Natura che nasce dall'incontro tra Motoko Kusanagi, che vive il proprio corpo come prigione dello spirito, e un puppet master, spirito artificiale affrancato da tutte le ambasce del corpo. Uno spirito che non conosce l'enclave materiale. Diversamente da Terminator, in cui James Cameron rintraccia le briciole di umanità al cuore di un mondo promesso alla robotizzazione, Ghost in the shell non contempla la lotta della carne contro l'acciaio ma interroga e comprende l'altro da sé. Eludendo qualsiasi manicheismo e trascendendo l'intrigo, Ghost in the shell è la storia di un incontro tra due esseri singolari. Il dialogo filosofico tra due aspetti incompleti dell'umanità che tendono ineludibilmente a completarsi. In uscita a marzo, Ghost in the shell è diretto da Rupert Sanders (Biancaneve e il cacciatore) e promette nel trailer l'essenza dell'originale. Sotto la complessità della trama, il manga di Masamune Shirow rivela una fenomenale profondità discorsiva su corpo e spirito, riprendendo e rilanciando le grandi linee del pensiero filosofico, da Plotino a Cartesio, costruite sullo stesso soggetto.

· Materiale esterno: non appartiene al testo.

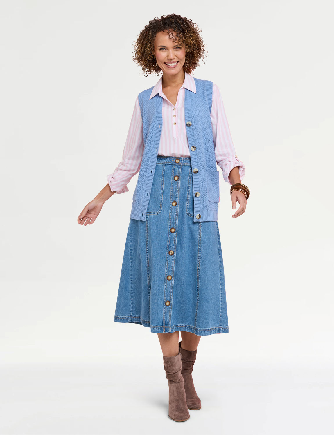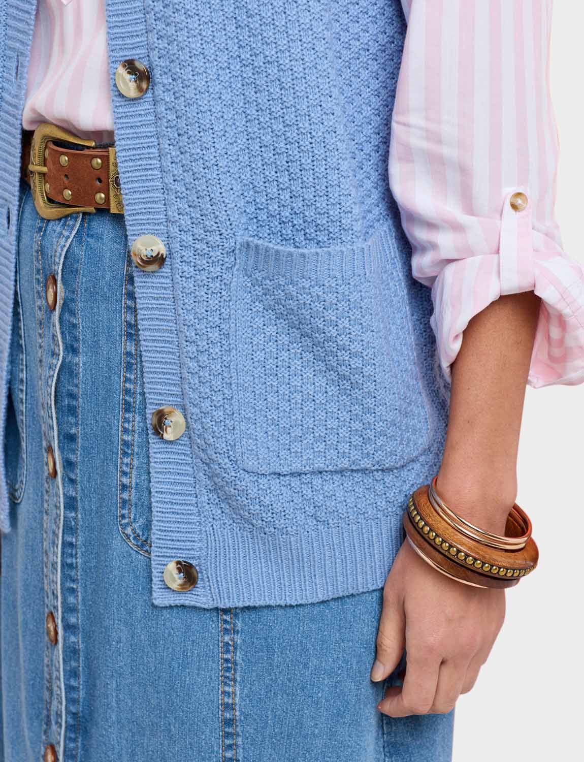 Textued basket weave effect knit with mock horn button fastening and 2 front pockets.

Al fondo dell'azione il paradosso del corpo, prigione per lo sviluppo spirituale dell'individuo e insieme vettore essenziale per sviluppare lo spirito.
Dispositivo di idee, la science fiction è un genere che permette di sperimentare all'infinito, di creare città senza identità e universi onirici in cui qualche volta la tecnologia ci mette in stato di veglia, alleggerendoci del corpo. A vegliare ci pensa il Major di Scarlett Johansson. Se in Her esprimeva il bisogno di incarnarsi, in Ghost in the shell si domanda se è davvero il corpo a definire la sua identità. Procedendo in direzione ostinata e contraria, l'attrice sembra emanciparsi dal corpo e aspirare a una sorta di 'io' universale, uno spirito libero dal peso della materia. Da Philip K. Dick a Isaac Asimov, passando per Blade Runner e il dualismo cartesiano, Ghost in the shell non ha ancora esaurito la sua portata potenziale, gettando un altro sguardo sul 'postumano', avanzando in primo piano un'eroina e intervenendo sulla questione delle visioni contrapposte della figura del cyborg. Da una parte la costruzione tipicamente virile, militaresca e aggressiva dell'organismo tecnologicamente implementato (Terminator), dall'altra l'utopia cyber femminista sulle potenzialità liberatorie della tecnologia (Ghost in the shell).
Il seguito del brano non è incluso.